Opening with several traditional songs, Tayac and the three performance group members sang to the heavy beat of a central drum, each keeping his voice in time with the others and each taking turns striking the drum between them. “The drum represents the heartbeat of life,” Tayac said. He explained that in traditional music, the beat of the drum is meant to mimic the sound of the heartbeat, symbolizing the force that keeps us all alive and well. The heartbeat is a symbol of life, love, pride and a sense of community. The drum is an essential element of the traditional songs and dances, especially in the “pow-wow,” or “gathering of the people.”
For both the songs and the dance demonstrations, the Piscataway performers were dressed in traditional garb, shining with bright color and adorned with beads and feathers. The outfits were elaborate, exotic and intrinsically beautiful. Dances were sometimes performed as a group, but most were individual, showcasing the talents of a particular performer. According to Tayac, dances are the Nation’s way of celebrating, giving thanks and building community. They strengthen the people’s pride in their community, family and nation as a whole. Many dances are dedicated to honoring a specific animal, such as the “crow-hop” dance, the snake dance, the eagle dance and the rabbit dance, which were all performed for Etown’s audience.
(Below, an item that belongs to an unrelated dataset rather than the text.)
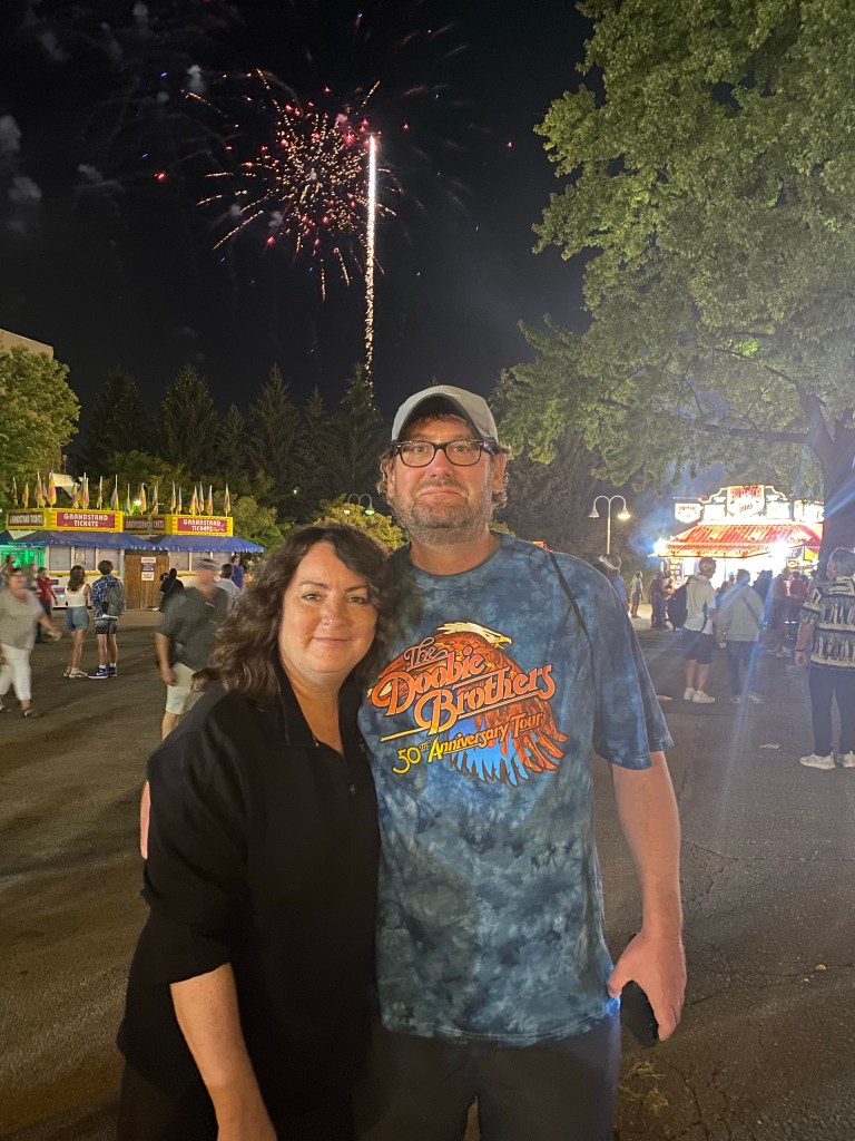 Mike texted that the Doobies were playing the last encore, so we walked back…again….to the grandstand. The fireworks shot off as Mike & Kathleen found us.

Animal dances are special, Tayac said, because they honor the creatures of the Earth for the things they give to man (food, clothing, guidance and protection) and they emphasize their important roles in the people’s stories of Creation. The eagle is a revered animal in Piscataway culture; they believe that the Creator sent the eagle to the people for protection and guidance, and also to ensure that the people remained on the right path. The rabbit dance is one of the only dances in the Piscataway culture that involves a large group of people, and it is referred to as a “social dance.” Members of the College audience were chosen at random to step into the dance circle and participate in the dance, portraying what an authentic group dance might look like. Tayac described the rabbit dance as one that can go on for up to four hours, and it is meant to serve as a time of quality bonding, especially among young people, where the participants can get to know one another, build strong bonds, make meaningful connections and possibly even develop a romantic relationship.
Other dances included the men’s grass dance, which is made to mimic the movement of wind through tall grass; the hoop dance, an elaborate, complicated and fascinating feat of dance and interwoven hoops that represent cultural elements; and of course the fierce and exciting war dance, meant to represent a young man going into battle and demonstrating “the highest acts of bravery,” as Tayac described it. War dances demonstrate pride in one’s individual and culture identity, strength and sportsmanship.
Piscataway teachings often include an emphasis on “walking in harmony” with oneself, with others and with Mother Earth. They stress the importance of a cultural identity, maintaining a pride in that identity, and passing on the traditions and beliefs of the identity to future generations. But above all else, Tayac said that no matter who we are, “We are all members of the human family.”